A common rebuttal to the complaint was that utilities had to retain their planning role to effectively meet state retail obligations, which leaves it outside of FERC jurisdiction.

“The complaint is based on the simple electrical premise that there is no FERC-jurisdictional ‘local’ transmission and thus there are no ‘local’ transmission planning needs,” the groups responded. “There are localized inputs to determining the holistic needs of the interconnected grid, but electrical facilities at 100 kV and above are not local, except those excluded by the complaint.”

Local projects that solely serve intrastate needs are outside of FERC jurisdiction, and the complaint does not ask FERC to try to regulate them.

Many protesters argued that the complaint is too broad, and the commission should take regional differences into account if it decides to grant it.

“Individual or even regional ‘planning challenges’ or differences are irrelevant to the fundamental question under the complaint as to whether it is appropriate to allow individual transmission owners to plan 100-kV and above transmission in interstate commerce based on the ongoing false premise that such transmission planning relates to ‘local transmission,’” the groups answered. “Planning challenges, to the extent they exist, can be incorporated into the required regional planning, just as regional differences are incorporated today in regional planning.” FERC can grant the complaint and facilitate implementation of any necessary region-specific reforms through compliance filings, they argued.

Another common rebuttal was that the complaint had to prove that local planning leads to unjust and unreasonable rates on specific projects, but the groups argued it was aimed at local planning practices and that Section 206 of the Federal Power Act can address broad industry practices.

“Critically, acceptance of respondents’ arguments would also mean that FERC, under a rulemaking pursuant to Section 206, wouldn’t be able to dictate nationwide standards, like in Orders Nos. 890, 1000 [and] 1920,” they said.

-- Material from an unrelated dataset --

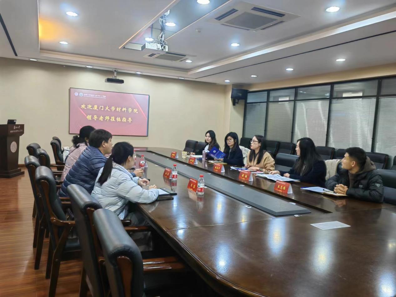 11月30日下午,黄兆君一行前往苏州大学材料与化学化工学部开展调研。座谈会上,苏州大学材料与化学化工学部分管学生工作的党委副书记徐美华首先就苏州大学材料与化学化工学部的基本情况做了介绍,相关工作人员从分管工作角度做分享,双方就师资队伍建设、人才引进;人才培养模式及课程体系设置;学生党建工作及三全育人举措;学风建设、毕业生就业及学生科创竞赛等方面进行深入交流。

Opponents also argued that the complaint was a collateral attack on Order 1920, or even earlier transmission planning rules, but the groups said they had put new evidence in front of FERC that it did not have during the proceedings that led to its most recent transmission planning rule.

“The new evidence and changed circumstances consist of new analytical reports and evidence of both individual projects and cumulative regional transmission plans and portfolios across every planning region over several years,” they said.

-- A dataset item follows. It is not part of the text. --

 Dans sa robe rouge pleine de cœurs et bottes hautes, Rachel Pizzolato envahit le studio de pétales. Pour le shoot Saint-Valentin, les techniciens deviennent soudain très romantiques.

Other Parties Defend the Complaint

American Municipal Power also filed an answer April 24, arguing FERC should grant the complaint despite a request from PJM and its transmission owners to dismiss it.

The complaint made the case that spending on local projects in PJM has become unjust and unreasonable and should be dealt with in a subsequent show-cause proceeding, AMP said.

Transmission rates in PJM are up 237% from 2011, mainly from local projects with limited oversight, AMP said.

“Forcing local transmission customers to bear the cost of projects that should have been supplanted by more cost-effective regional projects could unduly discriminate against those local customers by unfairly shifting the cost of transmission projects in a manner inconsistent with cost-causation principles,” AMP said. “The harmful effect of these failures would only multiply going forward, as PJM’s load is expected to grow by 70 GW or more in the foreseeable future.”

The Maine Public Utilities Commission similarly rebutted claims about local planning in New England. It said FERC should open another Section 206 show-cause proceeding so it can address the issues around local planning and its lack of oversight in New England.

Projects above $5 million are presented to ISO-NE’s Planning Advisory Committee, but the process has proven inadequate, and the TOs retain all control over asset-condition projects in the region.

The PUC “completely agrees that the ISO-NE tariff and related documents do not provide ISO-NE with a role in local transmission planning sufficient to effectuate all of the remedies sought by complainants, but [it] submits that a Section 206 investigation will allow parties to build a record upon which remedies consistent with Order No. 890 and FERC precedent may be developed specifically for the New England region,” it said.